Research Papers: Petroleum Engineering

Development of New Permeability Formulation From Well Log Data Using Artificial Intelligence Approaches

[+] Author and Article Information
Tamer Moussa

Department of Petroleum Engineering,
King Fahd University of Petroleum and Minerals,
Dhahran 5049, Saudi Arabia
e-mail: g201105270@kfupm.edu.sa

Salaheldin Elkatatny

Department of Petroleum Engineering,
King Fahd University of Petroleum and Minerals,
Dhahran 5049, Saudi Arabia;
Petroleum Department,
Cairo University,
Cairo 12613, Egypt
e-mail: elkatatny@kfupm.edu.sa

Mohamed Mahmoud

Department of Petroleum Engineering,
King Fahd University of Petroleum and Minerals,
Dhahran 5049, Saudi Arabia
e-mail: mmahmoud@kfupm.edu.sa

Abdulazeez Abdulraheem

Department of Petroleum Engineering,
King Fahd University of Petroleum and
Dhahran 5049, Saudi Arabia
e-mail: toazeez@gmail.com

1Corresponding author.

Contributed by the Petroleum Division of ASME for publication in the JOURNAL OF ENERGY RESOURCES TECHNOLOGY. Manuscript received August 28, 2017; final manuscript received January 3, 2018; published online March 15, 2018. Assoc. Editor: Ray (Zhenhua) Rui.

J. Energy Resour. Technol 140(7), 072903 (Mar 15, 2018) (8 pages) Paper No: JERT-17-1464; doi: 10.1115/1.4039270 History: Received August 28, 2017; Revised January 03, 2018

Permeability is a key parameter related to any hydrocarbon reservoir characterization. Moreover, many petroleum engineering problems cannot be precisely answered without having accurate permeability value. Core analysis and well test techniques are the conventional methods to determine permeability. These methods are time-consuming and very expensive. Therefore, many researches have been introduced to identify the relationship between core permeability and well log data using artificial neural network (ANN). The objective of this research is to develop a new empirical correlation that can be used to determine the reservoir permeability of oil wells from well log data, namely, deep resistivity (RT), bulk density (RHOB), microspherical focused resistivity (RSFL), neutron porosity (NPHI), and gamma ray (GR).
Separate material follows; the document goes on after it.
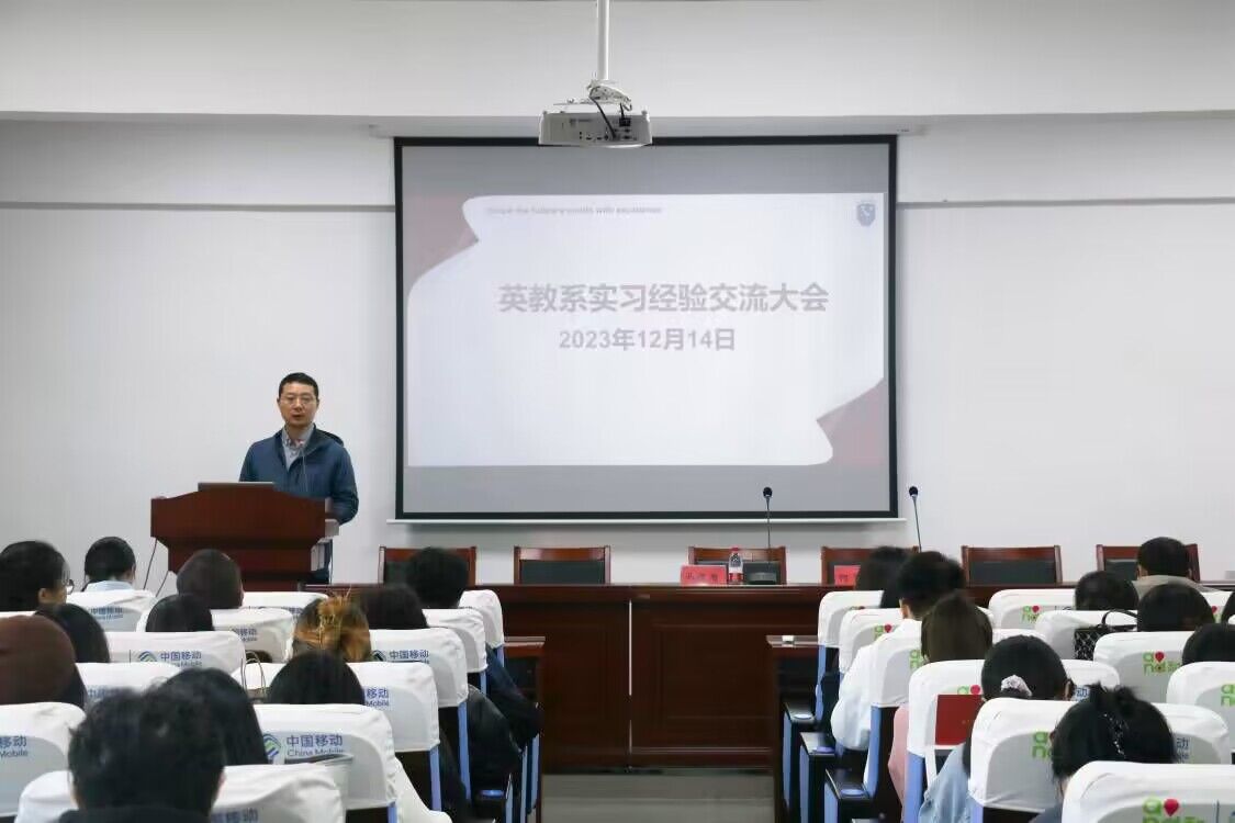 12月14日中午,意昂于4204报告厅,举行英语教育系实习经验交流大会。此次大会由英语教育系主任马俊周主持,20级教育实习各小组代表分享经验,21级英语教育专业员工参加。

A self-adaptive differential evolution integrated with artificial neural network (SaDE-ANN) approach and evolutionary algorithm-based symbolic regression (EASR) techniques were used to develop the correlations based on 743 actual core permeability measurements and well log data. The obtained results showed that the developed correlations using SaDE-ANN models can be used to predict the reservoir permeability from well log data with a high accuracy (the mean square error (MSE) was 0.0638 and the correlation coefficient (CC) was 0.98). SaDE-ANN approach is more accurate than the EASR. The introduced technique and empirical correlations will assist the petroleum engineers to calculate the reservoir permeability as a function of the well log data. This is the first time to implement and apply SaDE-ANN approaches to estimate reservoir permeability from well log data (RSFL, RT, NPHI, RHOB, and GR). Therefore, it is a step forward to eliminate the required lab measurements for core permeability and discover the capabilities of optimization and artificial intelligence models as well as their application in permeability determination. Outcomes of this study could help petroleum engineers to have better understanding of reservoir performance when lab data are not available.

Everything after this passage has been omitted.